1934: The military seizes power in Bulgaria from a democratic Government destabilised by the Great Depression.
1940: The Nazis occupy Brussels, Belgium, during World War II.
1946: President Harry S Truman seizes control of the nation’s railroads, delaying — but not preventing — a threatened strike by engineers and trainmen.
1961: Cuban leader Fidel Castro offers to release prisoners captured in the Bay of Pigs invasion in exchange for 500 bulldozers; the prisoners are eventually freed in exchange for medical supplies.

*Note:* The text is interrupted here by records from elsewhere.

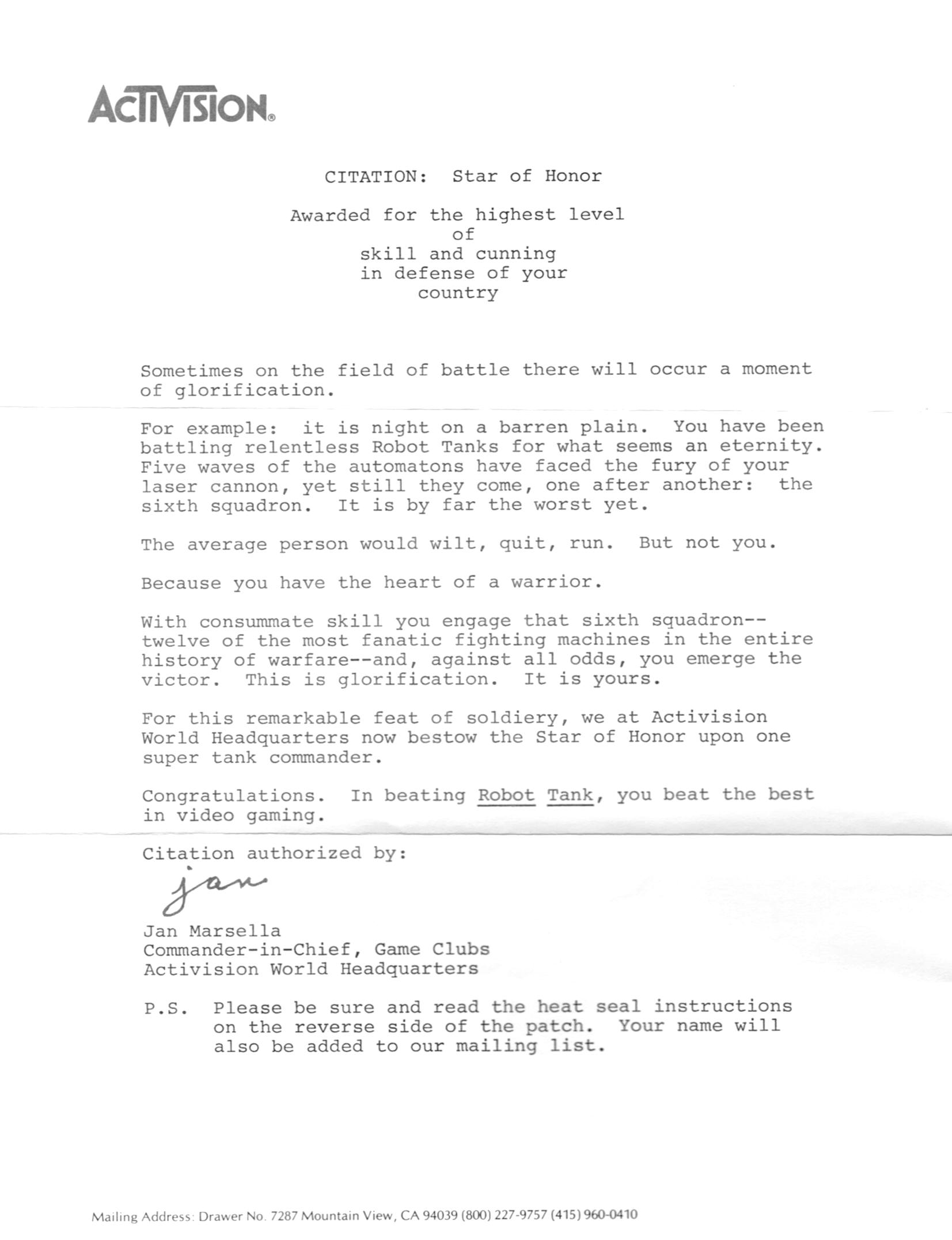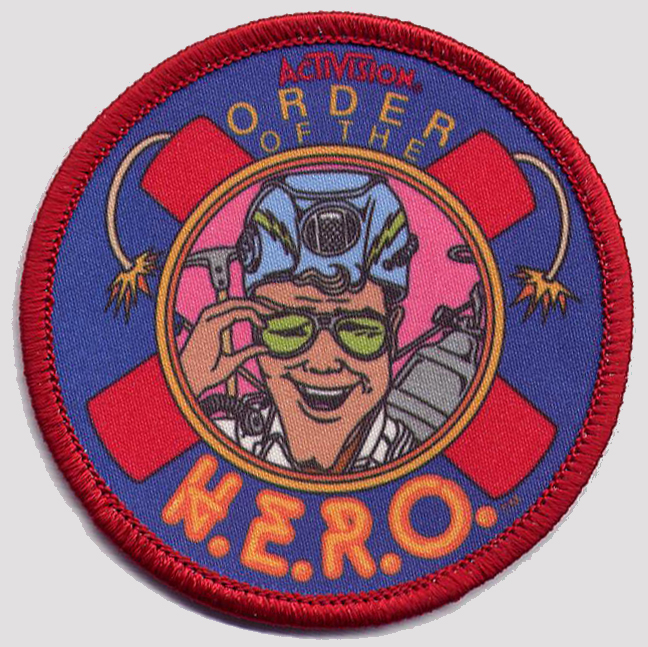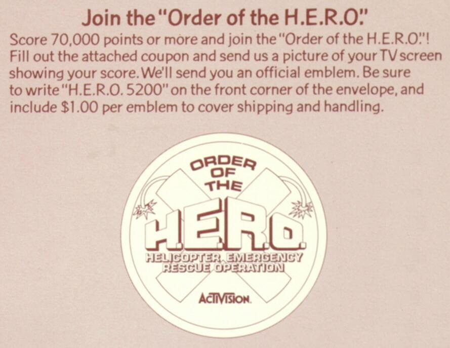 H.E.R.O.75,000 points or more 2nd photo is from the Atari 5200 manual, showing the patch that was supposed to be awarded |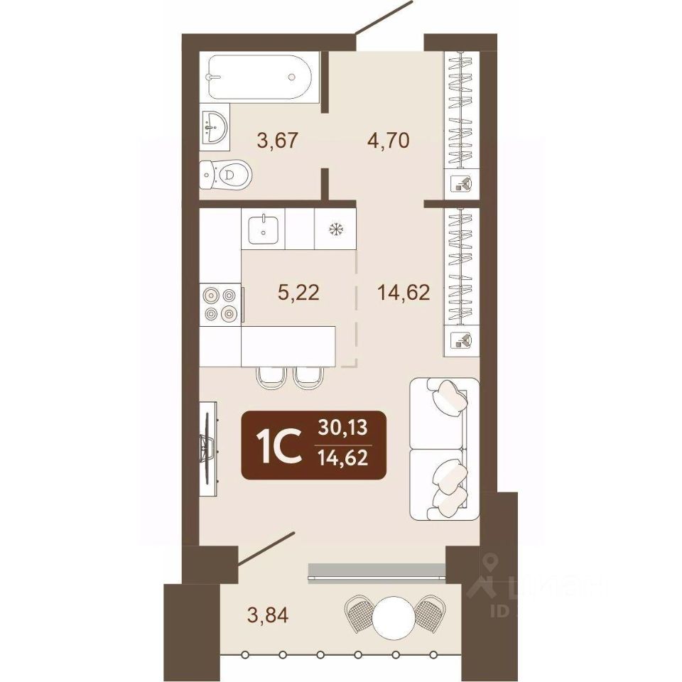Общая площадь30,13 м²
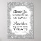 Este letreiro de buffet de doces cintilante prateado será o complemento perfeito para a barra de doces no seu casamento, aniversário, chá de noiva ou chá de bebê. Ele apresenta um fundo cintilante prateado com um recorte de moldura com a frase "Obrigado por tornar esta noite tão doce Por favor, pegue um saco e encha-o com guloseimas".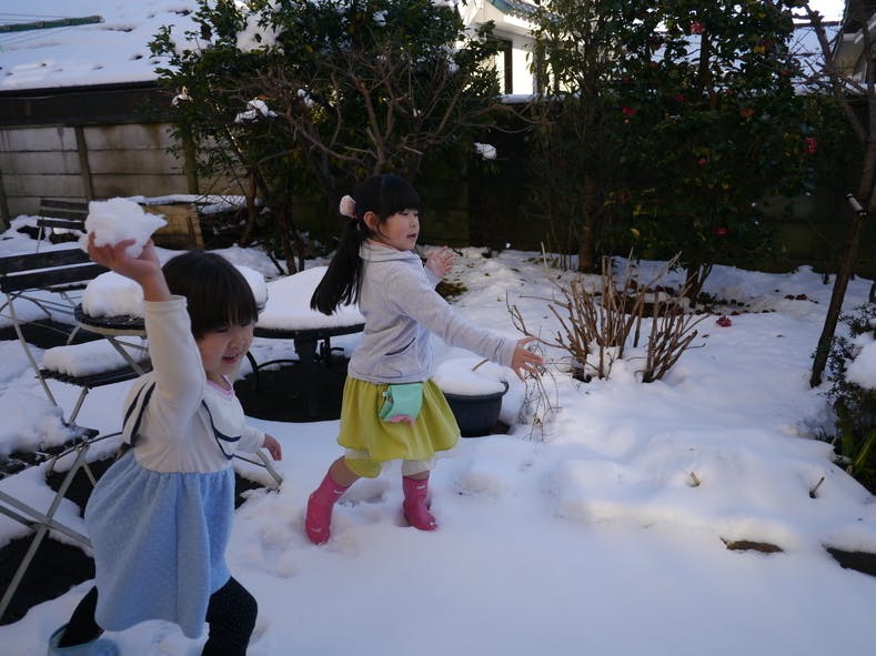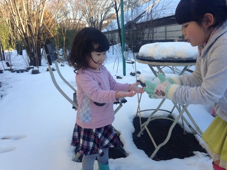 立川でも雪が降り、午後からは雨になったものの、助産院のお庭で雪遊びができました。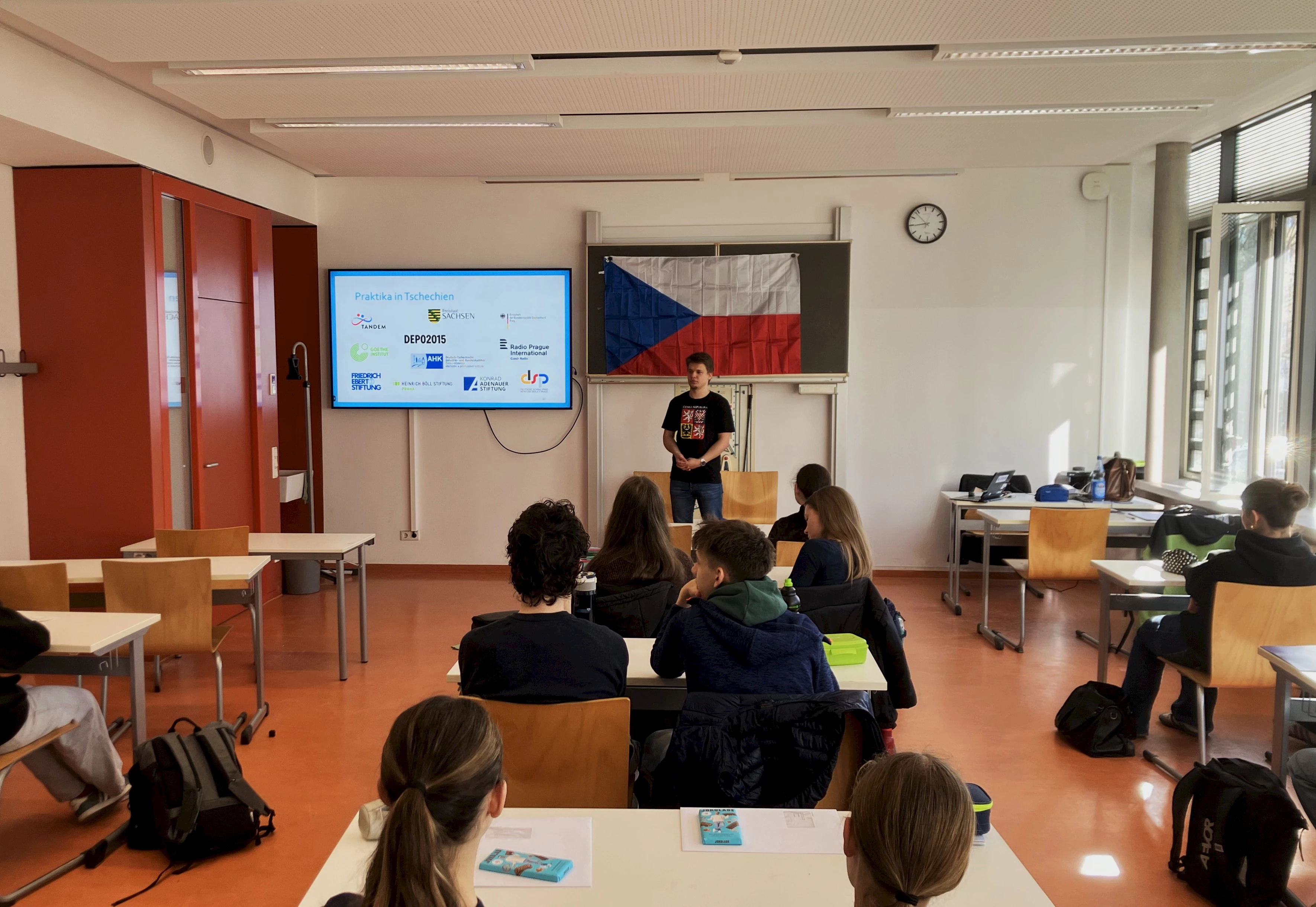 Dabei ging es nicht nur um trockene Fakten zu Land und Kultur, sonders die Referenten erzählten auch von ihren ganz eigenen Erfahrungen bei Auslandsaufenthalten in der Tschechischen Republik und gaben praktische Tipps zu Freiwilligendiensten, Praktika, bilateralen Begegnungsprojekten, Austausch- oder Studienprogrammen. Viele der Jugendlichen erfuhren erstmals, welche Möglichkeiten sich im nahe gelegenen Nachbarland bieten und dass dafür zahlreiche Fördermöglichkeiten zur Verfügung stehen, die man nur kennen und nutzen muss.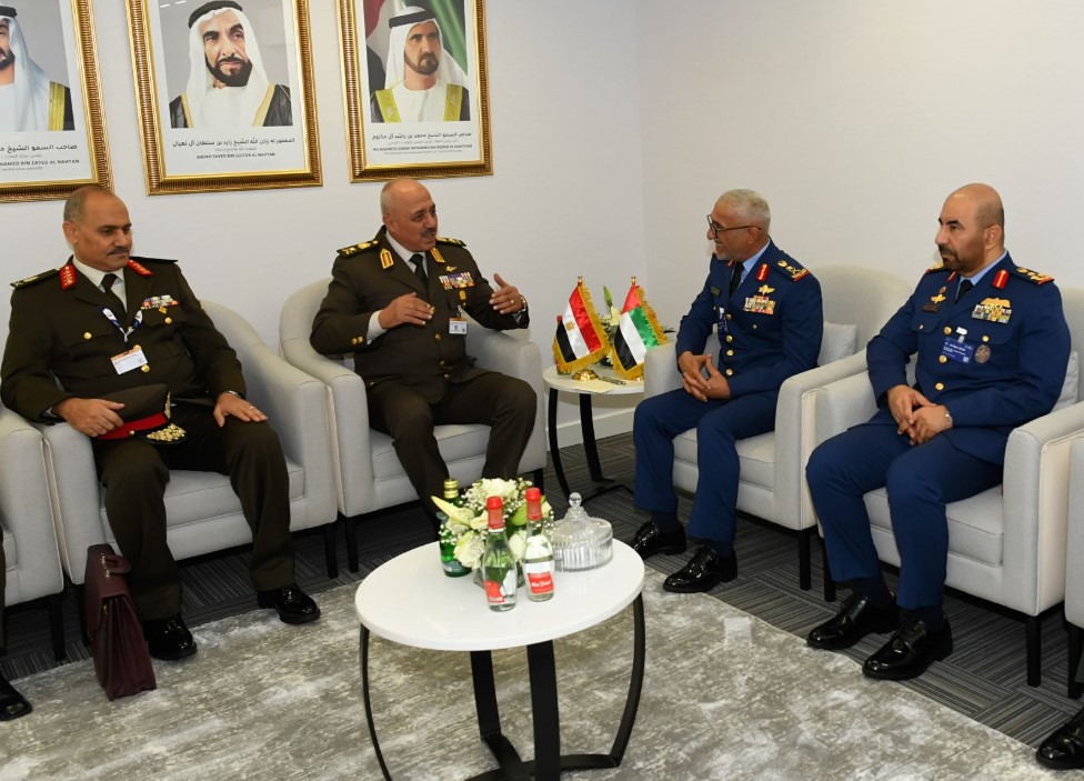 وعلى هامش فعاليات المعرض إلتقى الفريق أحمد خليفة رئيس أركان حرب القوات المسلحة الفريق الركن مهندس عيسى سيف محمـد المزروعى رئيس أركان القوات المسلحة الإماراتية وتناول اللقاء مناقشة عدد من الموضوعات ذات الإهتمام المشترك وسبل تعزيز علاقات التعاون العسكرى بين القوات المسلحة المصرية والإماراتية .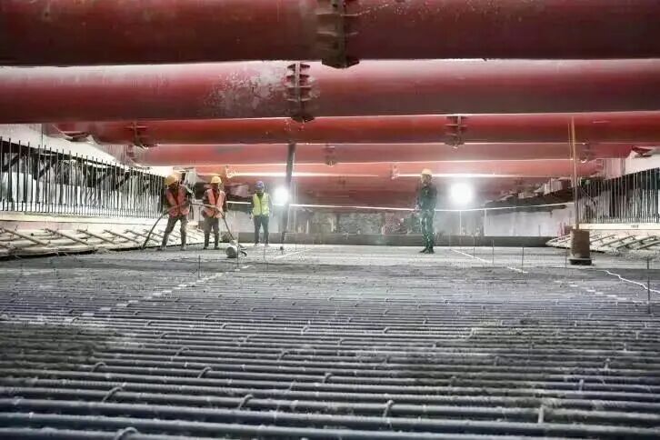 本次浇筑的首块底板位于项目盾构隧道明挖暗埋区域,长18米、宽14.1米、厚1.3米,累计浇筑混凝土348.62立方米。作为隧道主体结构的核心基础,底板施工质量直接关系到后续工程安全与整体稳定性。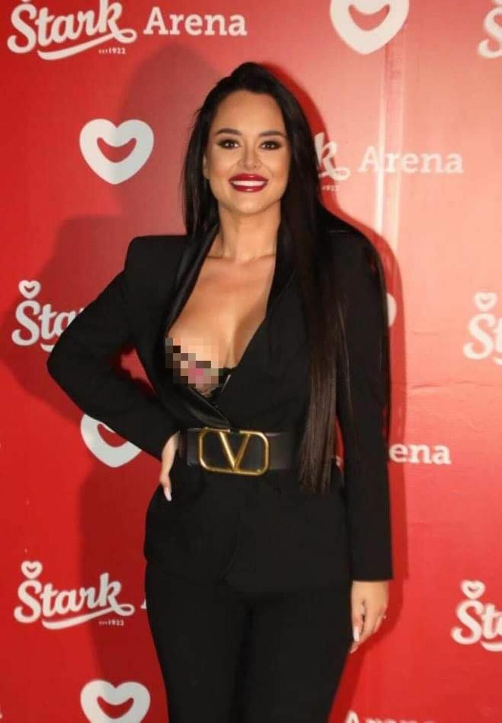 Naime, pevačica je obukla crni sako koji ističe njene silikonske grudi i pantalone u istoj boji. A svi su primetili da je šareni brus "iskočio" iz "V" izraza što je izazvalo opštu pometnju.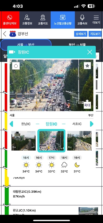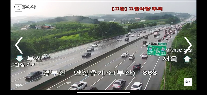 대부분의 주요 구간에서 CCTV 영상이 제공되지만, 일부 지역은 지원하지 않을 수 있습니다.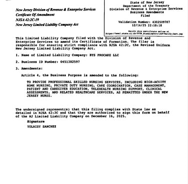 We operate in compliance with the New Jersey Nurse Practice Act (N.J.A.C. 13:37) and all applicable state and federal regulations.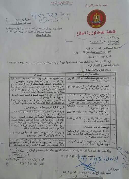 وتحمل الوثيقة ردود قادة جيش الانقلاب علي أعضاء برلمان الانقلاب من أبناء سيناء بشأن مشكلات المحافظة ، وتشمل عشر طلبات متنوعة لنواب شمال سيناء ورد وزارة الدفاع عليها، حيث يرفض جيش الانقلاب طلب لفتح محطات وقود إضافية بالمحافظة بدعوي أن "محطات الوقود العاملة في التوقيت الحالي، وعددها 5 محطات، كافية لاحتياجات المواطنين"، كما يرفض طلبا بفتح ميناء الصيد للصيادين بعد إغلاقه منذ فبراير من العام الماضي حتى الآن، بدعوي أنه "تم نقل الصيادين العاملين في شمال سيناء إلى بحيرة البردويل ومنع الصيد بالمنطقة من مدينة العريش وحتى مدينة رفح، وذلك بهدف تحقيق السيطرة الأمنية على أعمال التهريب والتسلل من وإلى قطاع غزة".
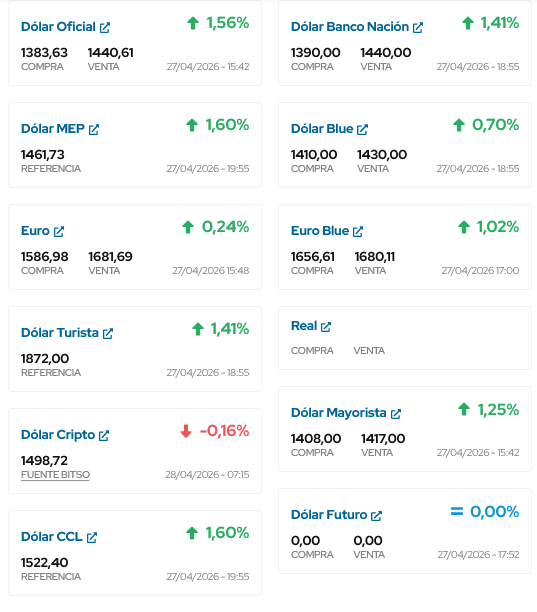 ASI TERMINO DE COTIZAR EL DOLAR EN ESTE DIA 27 DE ABRIL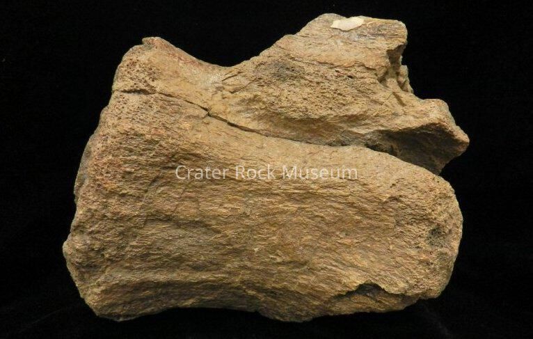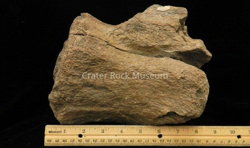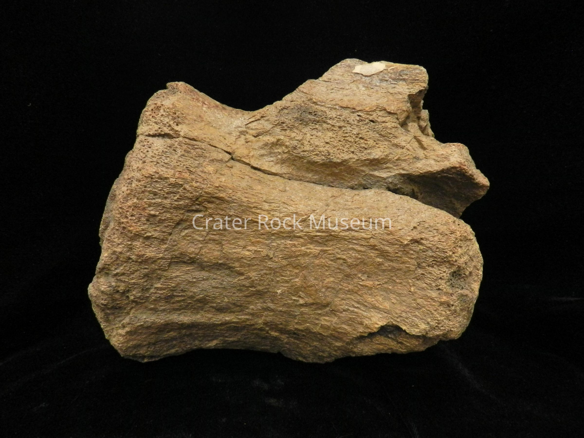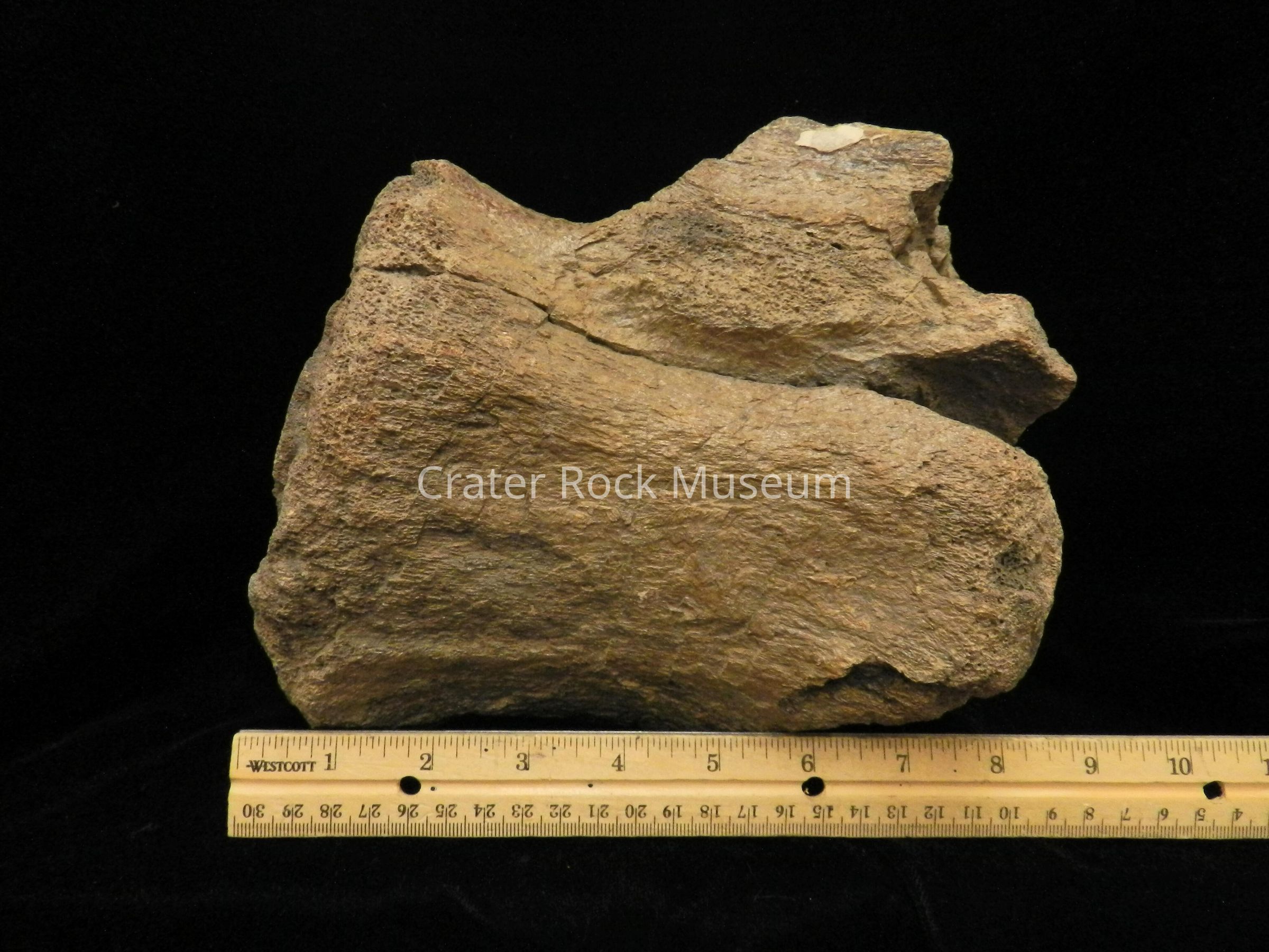 Description: Large fossilized bone (vertebre) (species unknown). Very heavy with concave "flat spot" on one end. Various shades of brown with noticeable porosity.

1973: A special committee convened by the US Senate begins its televised hearings into the Watergate scandal.
1980: Rioting that claims 18 lives erupts in Miami’s Liberty City after an all-white jury in Tampa acquits four former Miami police officers of fatally beating black insurance executive Arthur McDuffie.
1983: Israel and Lebanon reach an agreement on the withdrawal of Israeli troops from Lebanon; the pull back starts in September.
1987: Some 37 American sailors are killed when an Iraqi warplane attacks the US Navy frigate Stark in the Persian Gulf; Iraq apologises for the attack, calling it a mistake, and pays more than US$27 million in compensation.
1988: Fighting rages in Lebanon despite peace efforts by Syria and Iran.
1990: Two messianic Jews confess to desecrating 300 Jewish graves in Haifa, Israel, in hopes Arabs would be blamed.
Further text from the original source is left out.